Explanation of comparing bits

The key part is counting the bits that are the same in two numbers:

``````function compareBits(num1, num2) {
// score is the number of matching bits
var score = 0;
var mask = 1;
// create rotating mask to individually compare each of the lowest 32 bits
for (var i = 0; i < 32; i++) {
// if this bit has the same value, increase the score
if ((num1 & mask) === (num2 & mask)) {
++score;
}
// advance mask to next bit with shift left operator
}
return score;
}
``````

This is what I think is the simplest to understand implementation (not the fastest). Basically what it does is define a mask number with an initial value of `1`. When we logically AND the mask number with each of our values, we isolate a single bit in each number. We can then compare that remaining single bit to see if they are equal. If so, increase our score. Then, shift the mask left by one place so we can look at the next bit. Repeat that 32 times and we've compared each of the 32 bits, counting how many have the same value.

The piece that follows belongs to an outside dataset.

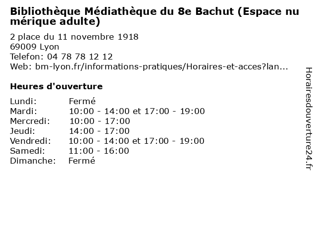 | Mardi | 10:00-14:00 et 17:00-19:00 |

If you want to see how obtuse bit manipulation can get, here's a pretty fast algorithm called the Hamming weight implementation:

``````function countSimilarBitsHamming(num1, num2) {
// xor sets a bit to 0 if both are the same and 1 if different
// so if we xor and then negate, we get bits that are the same
var sameBits = ((~(num1 ^ num2)) & 0xFFFFFFFF) >>> 0;
sameBits = sameBits - ((sameBits >> 1) & 0x55555555);
sameBits = (sameBits & 0x33333333) + ((sameBits >> 2) & 0x33333333);
return (((sameBits + (sameBits >> 4)) & 0x0F0F0F0F) * 0x01010101) >> 24;
}
``````

Here's an even slower implementation, but the bit counting part is a simple string count:

``````function countBitsString(num1, num2) {
// xor sets a bit to 0 if both are the same and 1 if different
// so if we xor and then negate, we get bits that are the same
var sameBits = ((~(num1 ^ num2)) & 0xFFFFFFFF) >>> 0;
var str = sameBits.toString(2).replace(/0/g, "");
return str.length;
}
``````

Steps:

1. num1 XOR num2 - This generates a result where a bit is set to `0` if both corresponding bits in num1 and num2 had the same value or `1` if they were different values.
2. That XOR value is the inverse of what we want so we negate it with the `~` operator. Now we have a `1` wherever the two numbers had equal bits.
3. Because there are more than 32 bits in the negated value, we and it with the max 32-bit value to zero out the higher bits.
4. Then because Javascript only deals with signed values, but we want unsigned values, we use a trick of doing a zero fill right shift, but with a `0` shift value `>>> 0` and this will clear the sign bit.
5. Now there is a list of matching bits.
6. Then, a really simple way to count them is to convert to string represeantation of binary and remove the zeroes. All that will be left is the `1`s in the string so just see how long the string is and that's how many `1`s where in the string.